RAW DATA
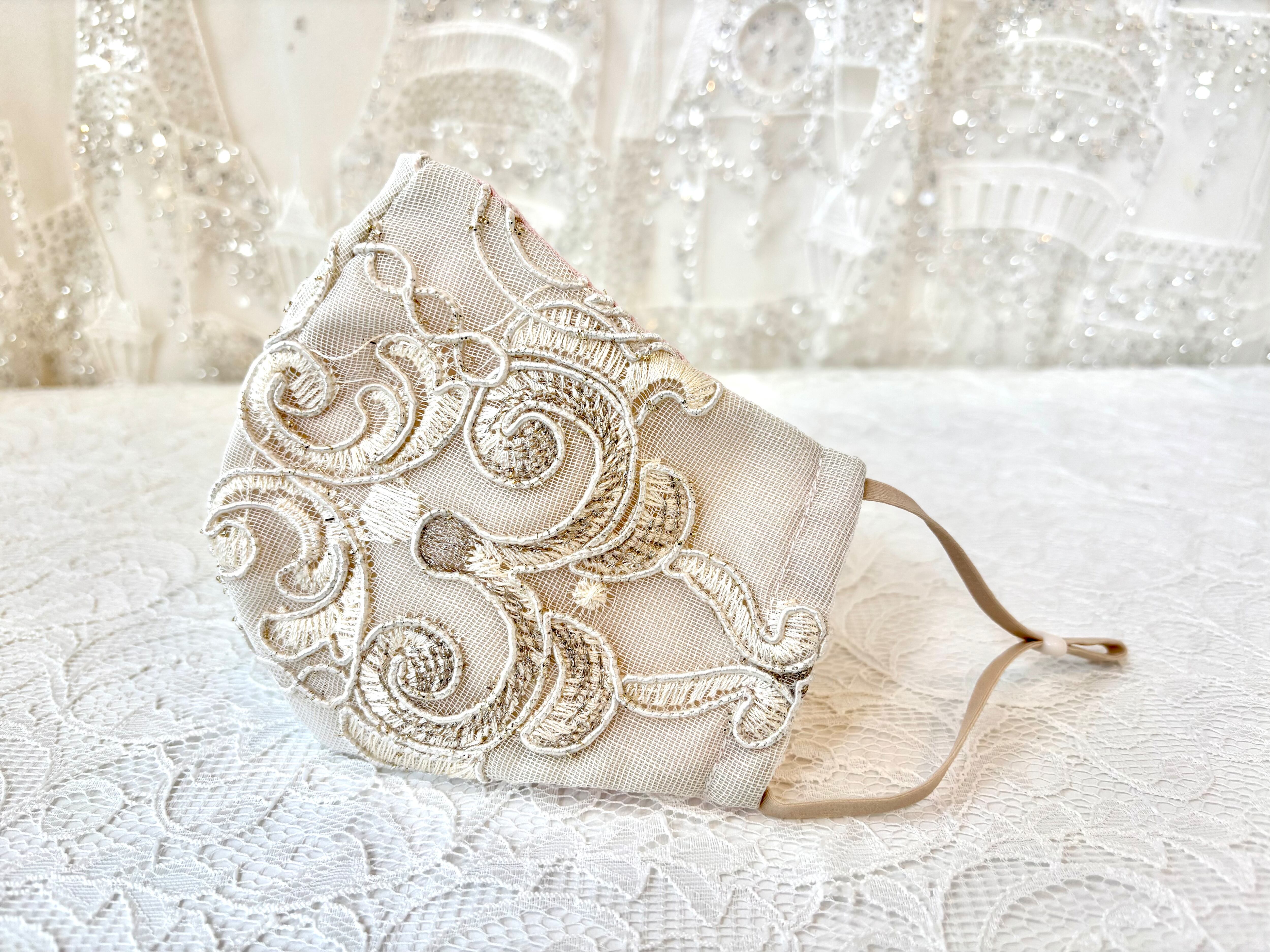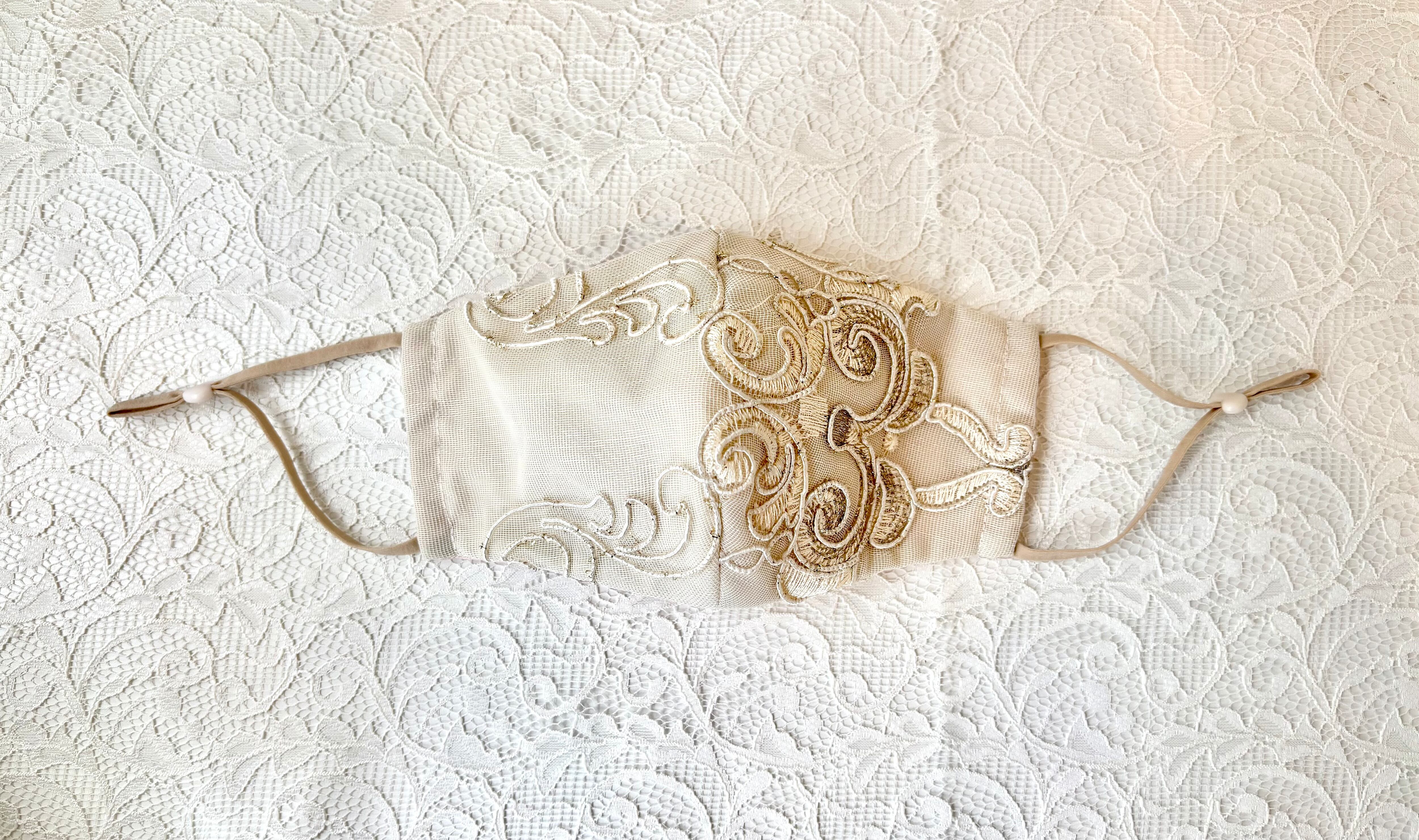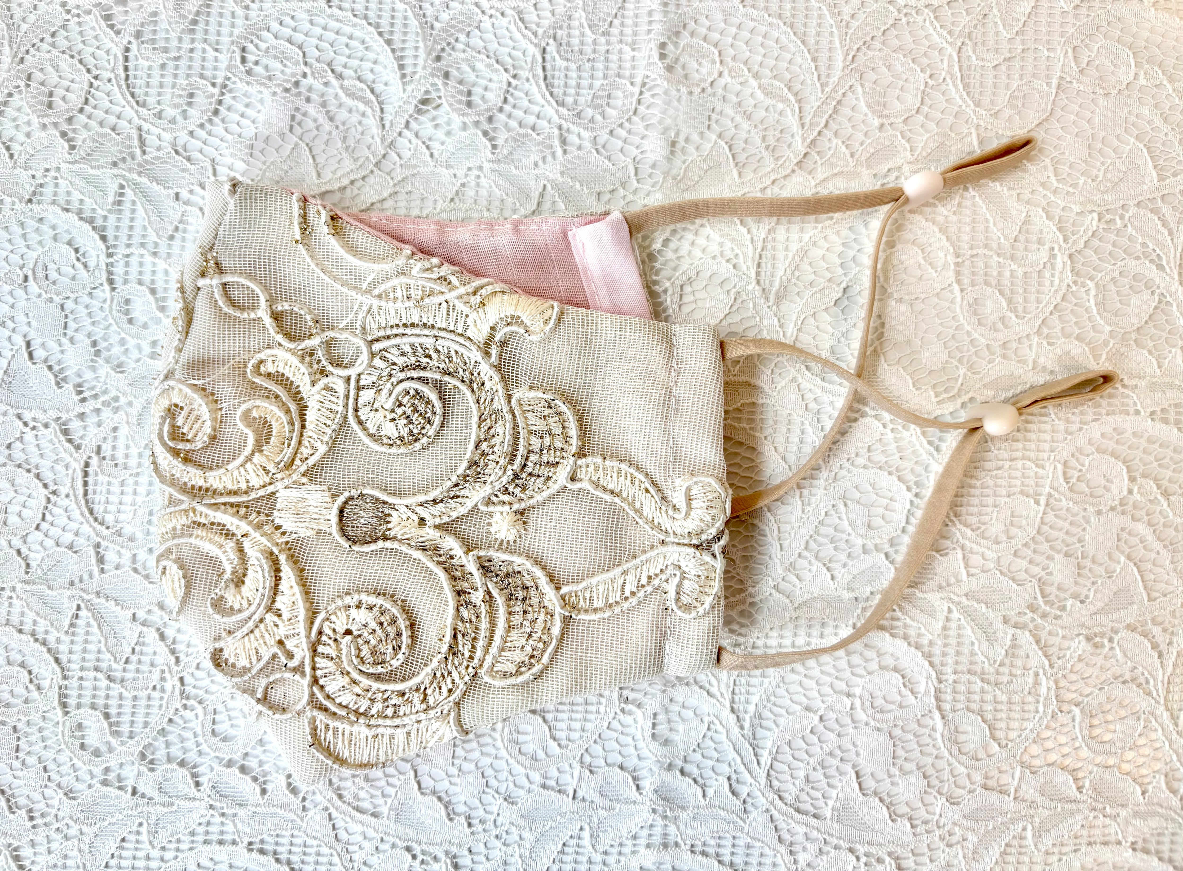 このマスクはトルコのカーテンレースを使用したアップサイクル商品で、環境にも配慮しています。
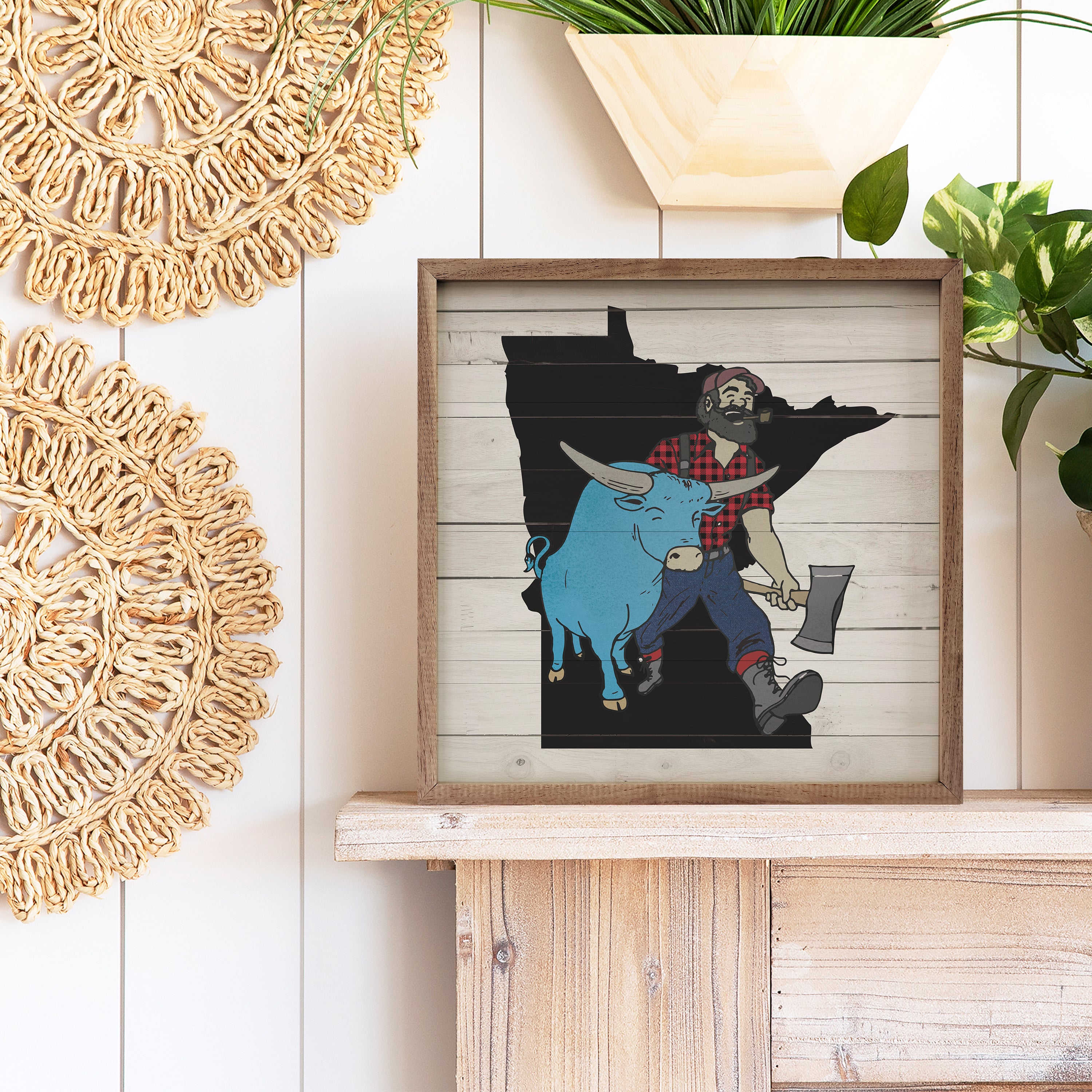 This unique piece is a simple way to bring beauty and charm to any wall or shelf within the home. It is made from high quality American hardwood planks with a hand painted face, and printed with UV cured ink, and is framed in a natural walnut frame. Each piece is unique with its own personality, marks, wood grain, and look. Easy to clean with a dry cloth.
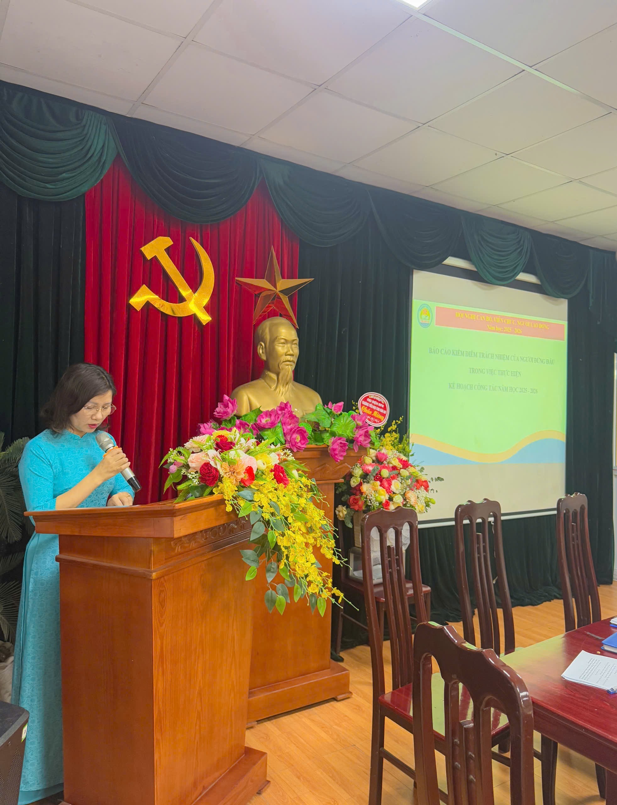 Hội nghị đã nghe đồng chí Vũ Thị Thảo – Phó BT Chi bộ, Phó Hiệu trưởng nhà trường trình bày dự thảo kế hoạch thực hiện nhiệm vụ năm học 2025 – 2026.

WORK ORDER
Please transcribe the listing exactly as it stands, but omit its pictures.

EXERCISE OUTPUT
 このマスクはトルコのカーテンレースを使用したアップサイクル商品で、環境にも配慮しています。
 This unique piece is a simple way to bring beauty and charm to any wall or shelf within the home. It is made from high quality American hardwood planks with a hand painted face, and printed with UV cured ink, and is framed in a natural walnut frame. Each piece is unique with its own personality, marks, wood grain, and look. Easy to clean with a dry cloth.
 Hội nghị đã nghe đồng chí Vũ Thị Thảo – Phó BT Chi bộ, Phó Hiệu trưởng nhà trường trình bày dự thảo kế hoạch thực hiện nhiệm vụ năm học 2025 – 2026.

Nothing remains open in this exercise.